NIPC sets new target for FDI routes to Nigeria

By Favour Nnabugwu
The re-appointed Executive Secretary/Chief Executive Officer of the Nigerian Investment Promotion Commission, NIPC, Saratu Umar has set a target for Foreign Direct Investment routes for the country.
Umar stated at the inauguration in Abuja today,  “Yesterday is gone. Today is a new day. The past is a place of learning, not a place of living. “We must stay focused on today and tomorrow, and how to make tomorrow an even greater day.”
She pledged to reposition the NIPC to attract new routes of foreign investments into Nigerian to shore up the dwindling revenue of the government and the much needed jobs.
The NIPC executive said that the NIPC will support the federal government’s various general and sectoral policies, and executive pronouncements and take to a logical conclusion the National Investment Promotion Masterplan which is aimed at having clear actions that key into the government’s various sectoral masterplans and policies.

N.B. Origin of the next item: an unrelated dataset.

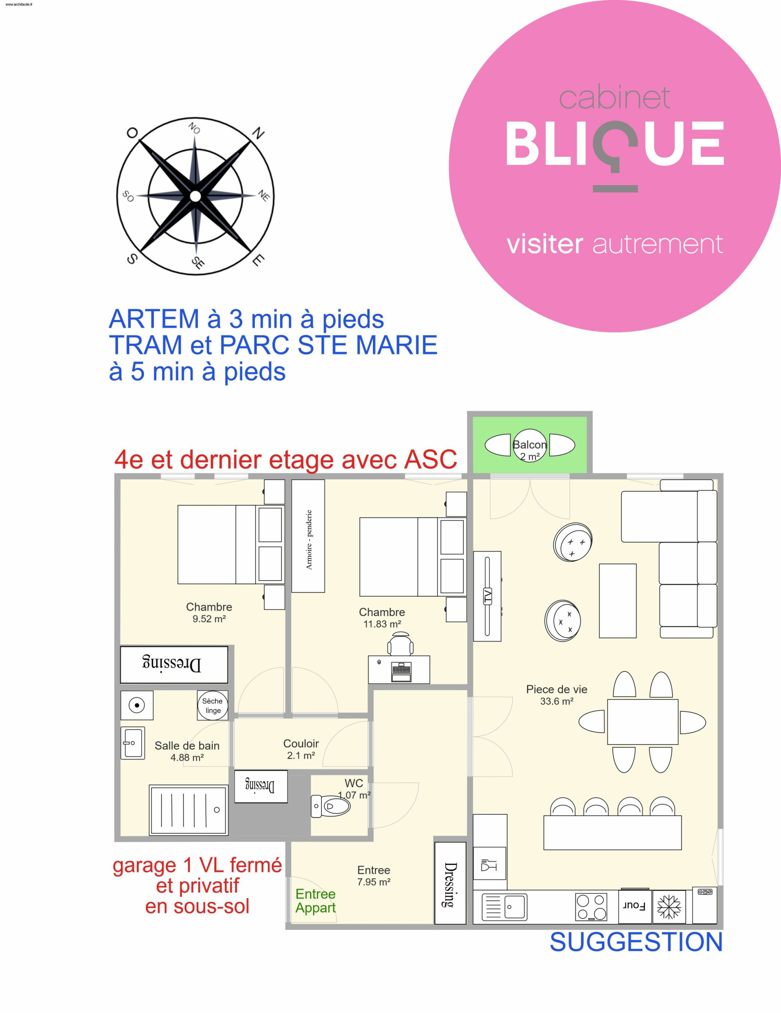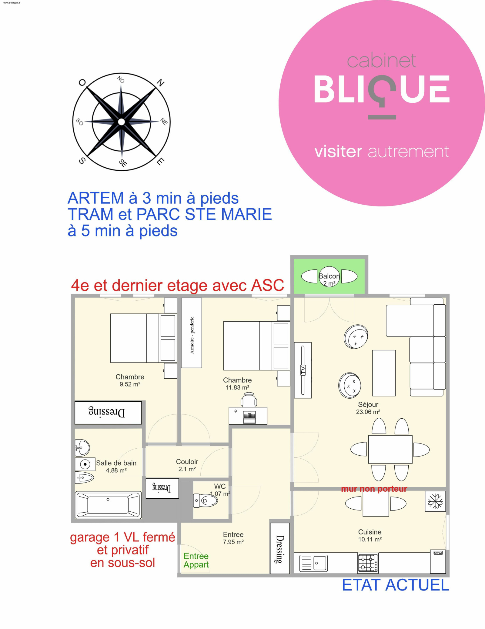COMBO GAGNANT pour son agencement actuel et la possibilité de le modifier facilement (voir plan photo N°9 et 10). Il se compose d’une entrée avec dressing (et un WC séparé) donnant sur la cuisine de 10 m² et le séjour de 23 m² avec balcon. Mur non porteur entre les deux donc possibilité d’y faire une belle pièce ouverte de 33 m². Ensuite un dégagement avec dressing également desservant les deux chambres (une de 12 m² et une de 9 m² avec dressing intégré) et la salle de bain.

She said “We will orchestrate and execute targeted investment drives along country-specific, investor-specific, sector-specific, industry-specific, regional-specific, and investment-type specific strategies to facilitate FDI (and LDI – Local Direct Investment) that fit into Nigeria’s development and investment needs, in an inclusive, coordinated, tangible, measurable and effective manner.”
“We will logically conclude the National Investment Promotion Coordination Framework, to provide a clear strategy for a seamless collaboration and coordination of the Investment eco-system, as well as usher in a robust and effective stakeholder communication and engagement. This will result in effective partnerships between NIPC and critical stakeholders including the international community and development partners.
“We will listen to, and work with, our stakeholders. Indeed, within the next two months, we will hold the second series of our stakeholder engagement which we started in 2014, with various key stakeholder sessions to discuss their challenges, interact, and obtain feedback towards resolving them and creating synergies that facilitate impact.”
“Global Foreign Direct Investment (FDI) markets over the last decade have become more competitive, and the investment promotion thrusts of countries that are attracting the largest global market share of FDI inflows are driven by effective, efficient, and performance-driven Investment Promotion Agencies (IPAs). With over 170 IPAs worldwide competing to channel FDI to their different countries, it is imperative that the NIPC is positioned to ensure Nigeria wins in this global market.
This is especially important with the onset of the Africa Continental Free Trade Agreement which is now in force. In 2021, a UN report noted that Foreign Direct Investment (FDI) into Africa grew by 147 percent; this has accentuated the race by African economies to showcase their investment climate reforms and business-friendly policies, facilitated by very competitive IPAs that are vying for a greater share of inbound investment.
Critical shifts in the AfCTA and ECOWAS Investment Protocols, as well as the on-going development of the national investment promotion policy, the national trade policy and the national industrial development policy, require that the central and strategic role of the NIPC in the coordination of all investment promotion activities in the Nigerian Economy, should be established, enshrined and repositioned as envisaged in its enabling Law, without prejudice.
“Therefore, as it was in 2014, so it is in 2022: I am still fully committed to excellence and professionalism. If you would recall, my vision when I assumed duty in 2014 was: “to transform NIPC into a gold standard of excellence on the African Continent and a world-class Investment Promotion Agency, that is comparable to any in the world”.